Mirror supports PostgreSQL as a sink, allowing you to write data directly into PostgreSQL. This provides a robust and flexible solution for both mid-sized analytical workloads and high performance REST and GraphQL APIs.

When you create a new pipeline, a table will be automatically created with columns from the source dataset. If a table is already created, the pipeline will write to it. As an example, you can set up partitions before you setup the pipeline, allowing you to scale PostgreSQL even further.

The PostgreSQL also supports Timescale hypertables, if the hypertable is already setup. We have a separate Timescale sink in technical preview that will automatically setup hypertables for you - contact [support@goldsky.com](mailto:support@goldsky.com) for access.

Full configuration details for PostgreSQL sink is available in the [reference](/mirror/reference/config-file/pipeline#postgresql) page.

## Hosted PostgreSQL

Mirror now supports hosted PostgreSQL as a sink, allowing you to write data directly into a PostgreSQL database hosted by Goldsky via [NeonDB](https://neon.tech). This database will scale as you grow and you'll always be able to request a data export when and if you need it.

This simplifies development and allows you to not worry about database administration. We securely store, host and scale the database for you.

After you create a hosted Postgres database, we will display connection information so that you can access your data and run queries on it.
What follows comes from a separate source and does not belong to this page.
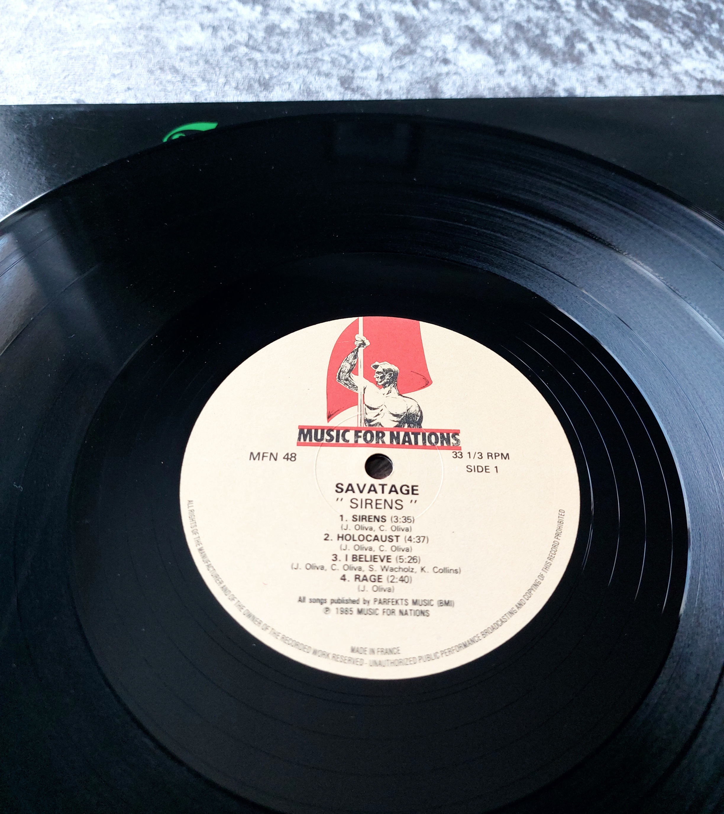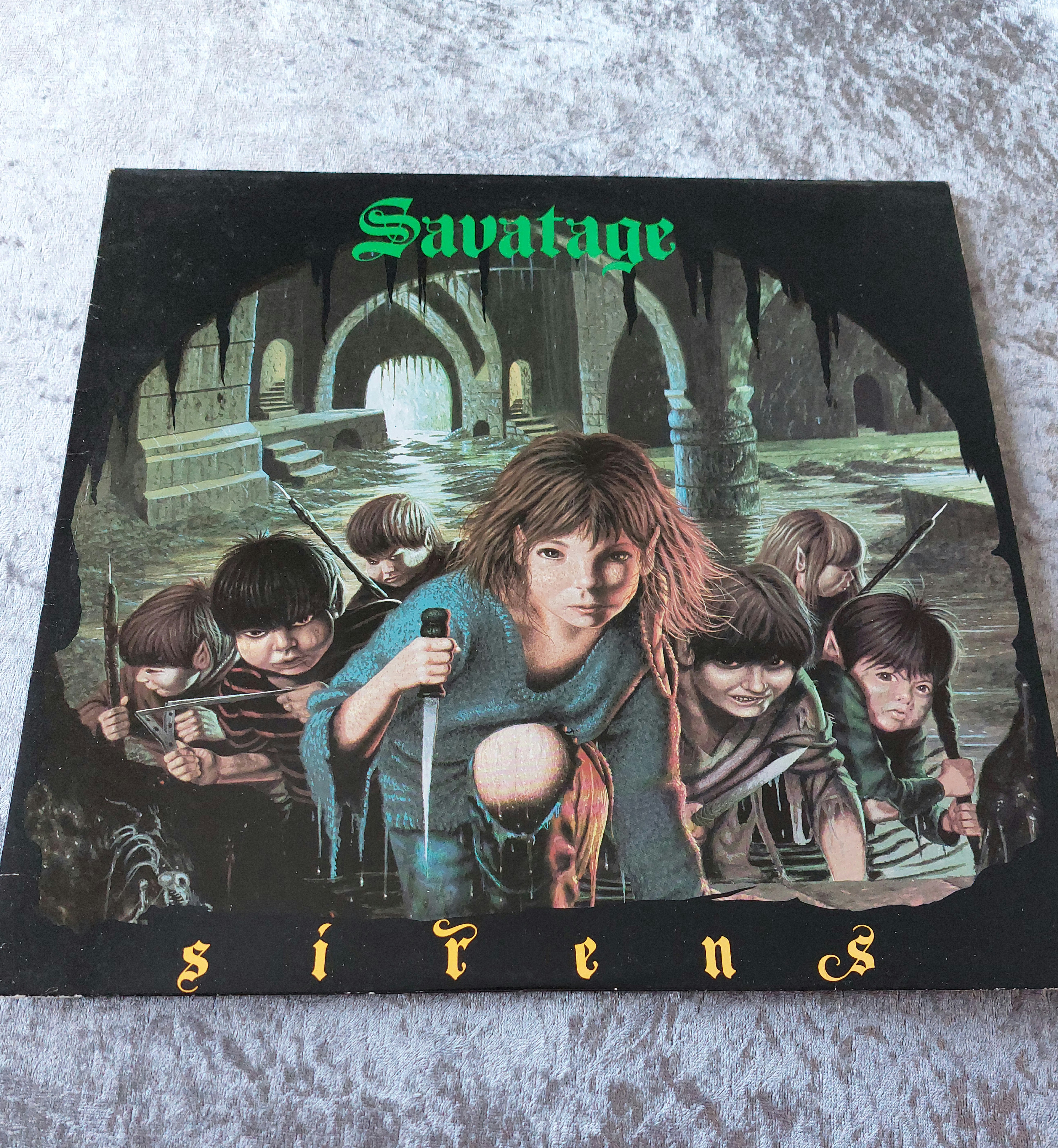 Vinyl LP record of Savatage’s album “Sirens,” released by Music for Nations (catalog number MFN 48). The cover features fantasy artwork depicting children in a cavernous setting. The record label confirms the album title, track listing, and credits. Made in France.

You can always reference the sink section of the web dashboard to view connection info for your hosted databases.

Please see the [pricing page](/pricing/summary) for hosted Postgres pricing.

## Bring Your Own PostgreSQL

If you're bringing your own PostgreSQL database, you'll need to set up the appropriate roles and secrets as described below.

## Role Creation

Here is an example snippet to give the permissions needed for pipelines.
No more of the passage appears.